Task requirements → Would you restate each line of the data below word for word, without its pictures?

Data block →
BEGIN

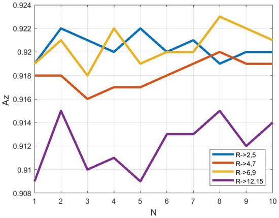 To compare the effect of descriptor size on classification, the M-ELBP operator with varying size of and were applied for the ROI size equal to pixels. In order to compute the stability of the approach we used a 10 run 10 fold cross validation scheme using a Bayesian network. The results showed that the descriptor classification remained stable with the change in size. Figure 7 shows the classification accuracy () to be , , and . The figure represents the classification accuracy obtained by the Bayesian Network classifier for each run (N = number of runs) for a 10-fold cross validation scheme. Similarly, from Figure 8, the area under the ROC curve() shows similar results as , , and for the M-ELBP descriptor of size , with a neighbourhood of eight pixels, respectively.
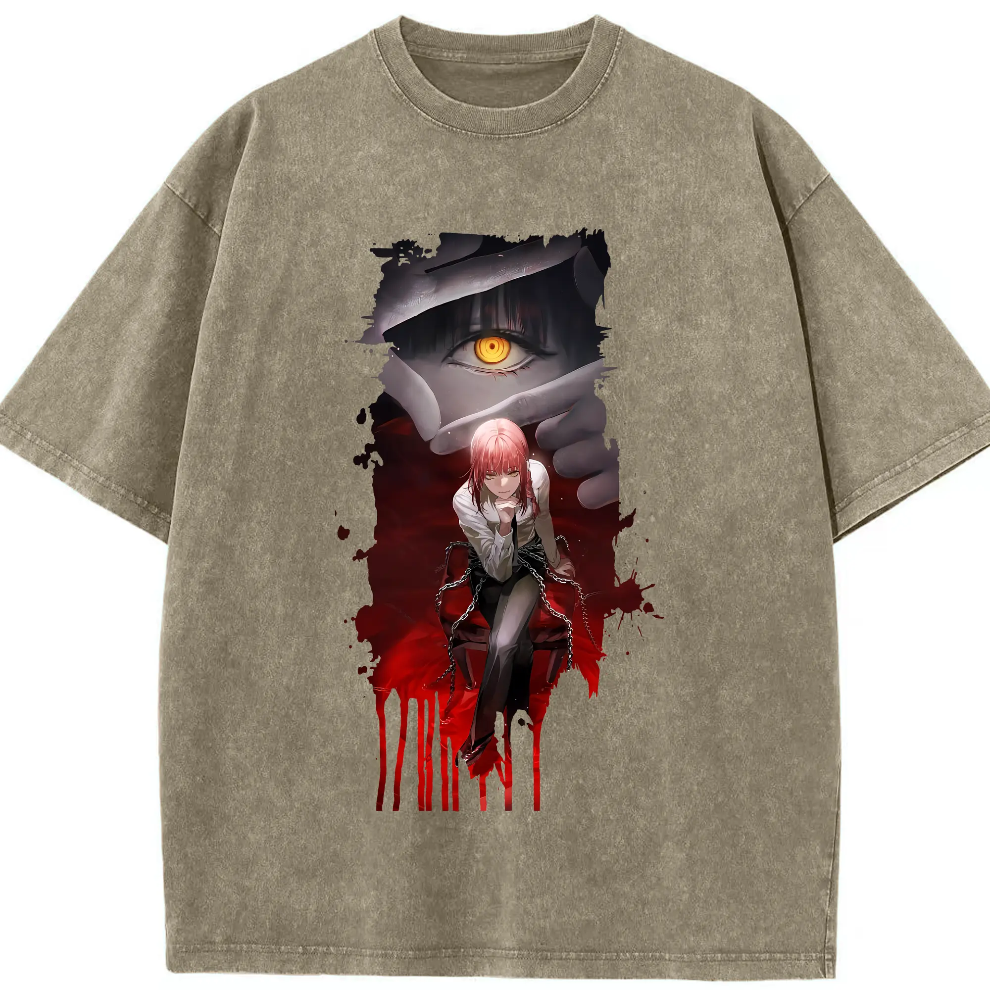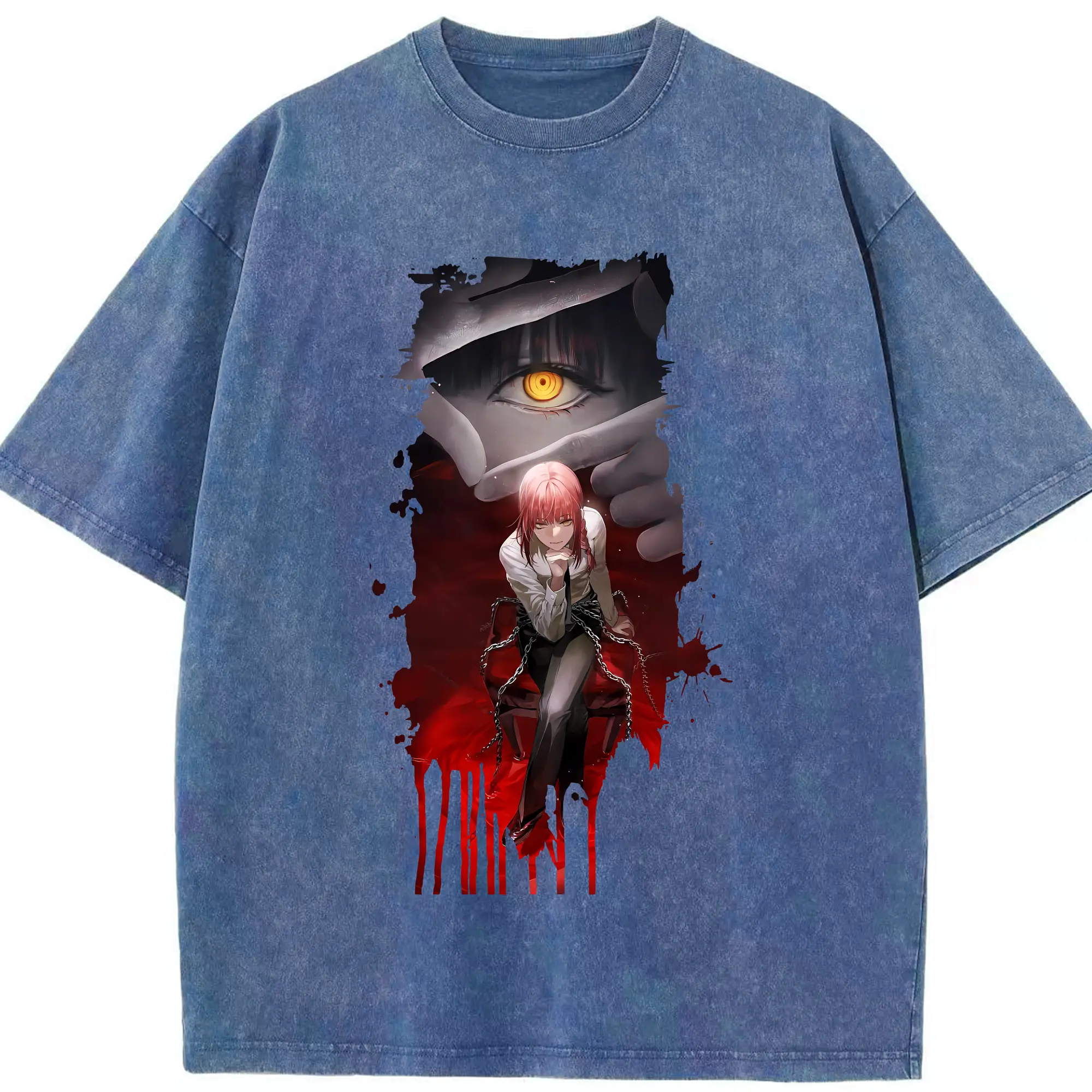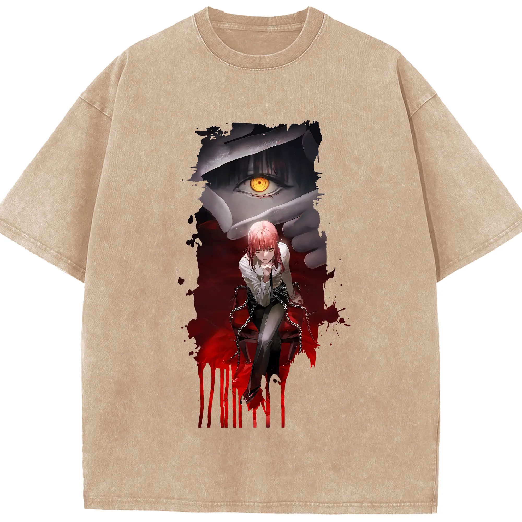 チェンソーマン グッズ,マキマ - 綿100% ヴィンテージ風 半袖Tシャツ ・ 背面プリント ・ 柔らか肌触り ・ 通気性 快適 ・ スポーツ カジュアル 外出用
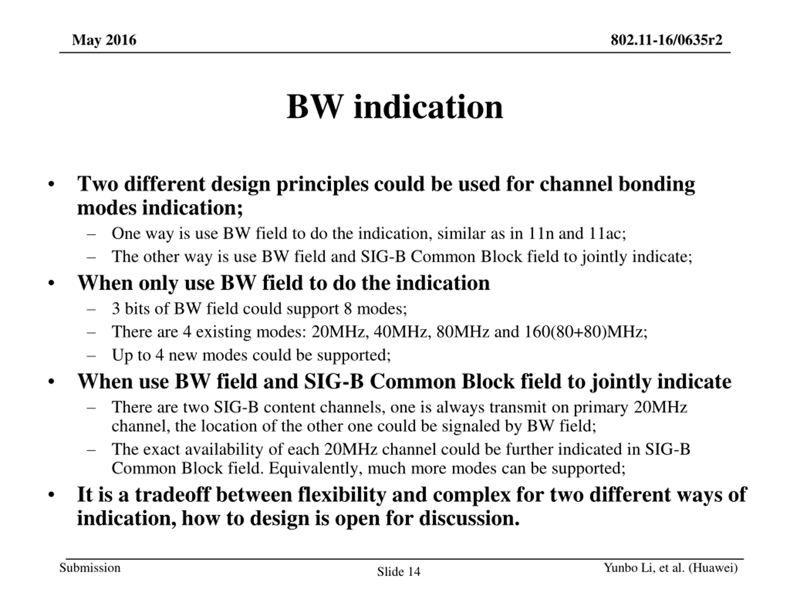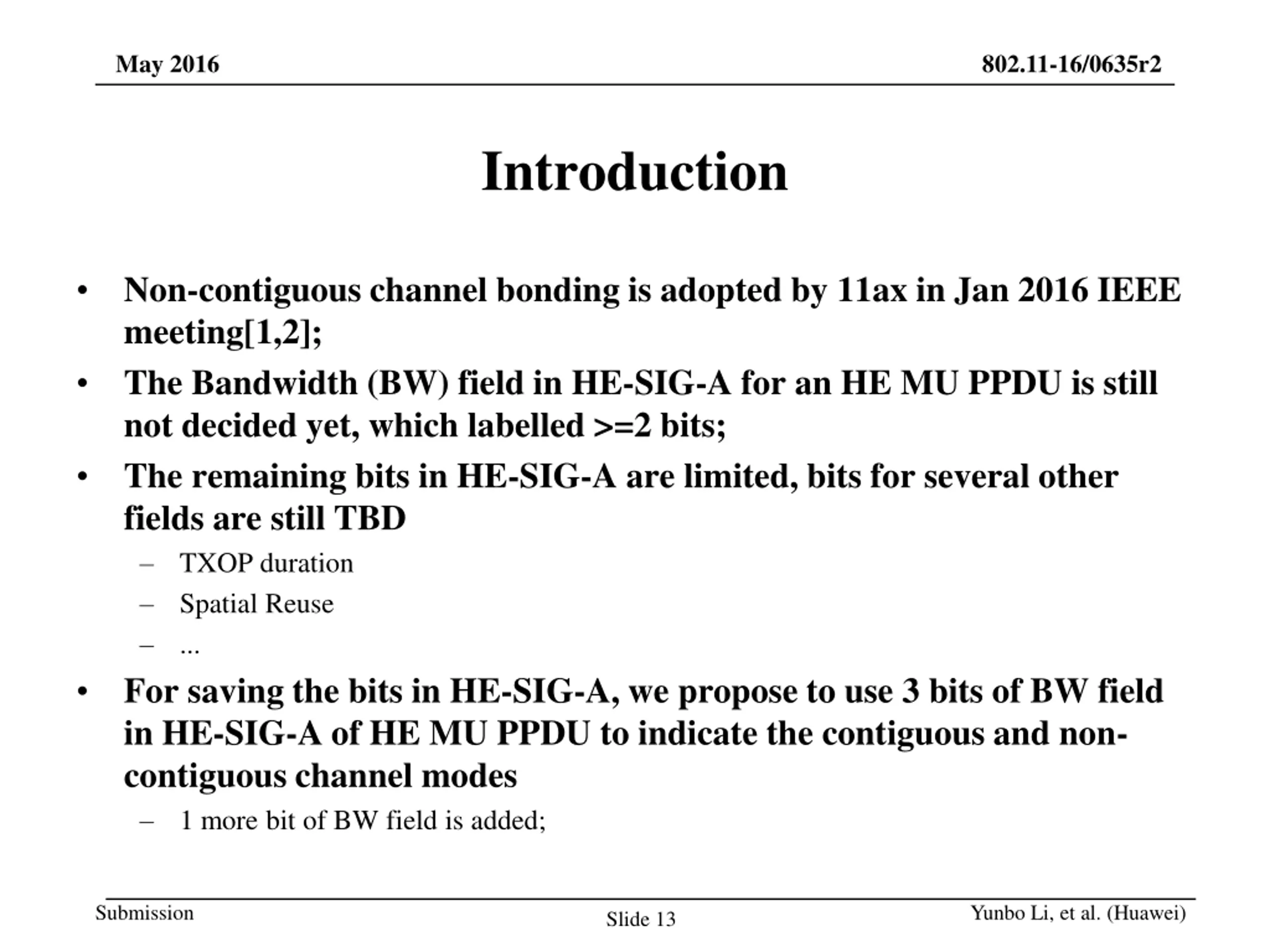 May 2016 802.11-16/0635r2 Introduction Non-contiguous channel bonding is adopted by 11ax in Jan 2016 IEEE meeting[1,2]; The Bandwidth (BW) field in HE-SIG-A for an HE MU PPDU is still not decided yet, which labelled >=2 bits; The remaining bits in HE-SIG-A are limited, bits for several other fields are still TBD TXOP duration Spatial Reuse ... For saving the bits in HE-SIG-A, we propose to use 3 bits of BW field in HE-SIG-A of HE MU PPDU to indicate the contiguous and non- contiguous channel modes 1 more bit of BW field is added; Submission Yunbo Li, et al. (Huawei) Slide 13
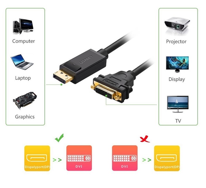 Cáp chuyển đổi Displayport to DVI 24+5 âm Ugreen 20405 | ||||

END

Answer to this task →
 To compare the effect of descriptor size on classification, the M-ELBP operator with varying size of and were applied for the ROI size equal to pixels. In order to compute the stability of the approach we used a 10 run 10 fold cross validation scheme using a Bayesian network. The results showed that the descriptor classification remained stable with the change in size. Figure 7 shows the classification accuracy () to be , , and . The figure represents the classification accuracy obtained by the Bayesian Network classifier for each run (N = number of runs) for a 10-fold cross validation scheme. Similarly, from Figure 8, the area under the ROC curve() shows similar results as , , and for the M-ELBP descriptor of size , with a neighbourhood of eight pixels, respectively.
 チェンソーマン グッズ,マキマ - 綿100% ヴィンテージ風 半袖Tシャツ ・ 背面プリント ・ 柔らか肌触り ・ 通気性 快適 ・ スポーツ カジュアル 外出用
 May 2016 802.11-16/0635r2 Introduction Non-contiguous channel bonding is adopted by 11ax in Jan 2016 IEEE meeting[1,2]; The Bandwidth (BW) field in HE-SIG-A for an HE MU PPDU is still not decided yet, which labelled >=2 bits; The remaining bits in HE-SIG-A are limited, bits for several other fields are still TBD TXOP duration Spatial Reuse ... For saving the bits in HE-SIG-A, we propose to use 3 bits of BW field in HE-SIG-A of HE MU PPDU to indicate the contiguous and non- contiguous channel modes 1 more bit of BW field is added; Submission Yunbo Li, et al. (Huawei) Slide 13
 Cáp chuyển đổi Displayport to DVI 24+5 âm Ugreen 20405 | ||||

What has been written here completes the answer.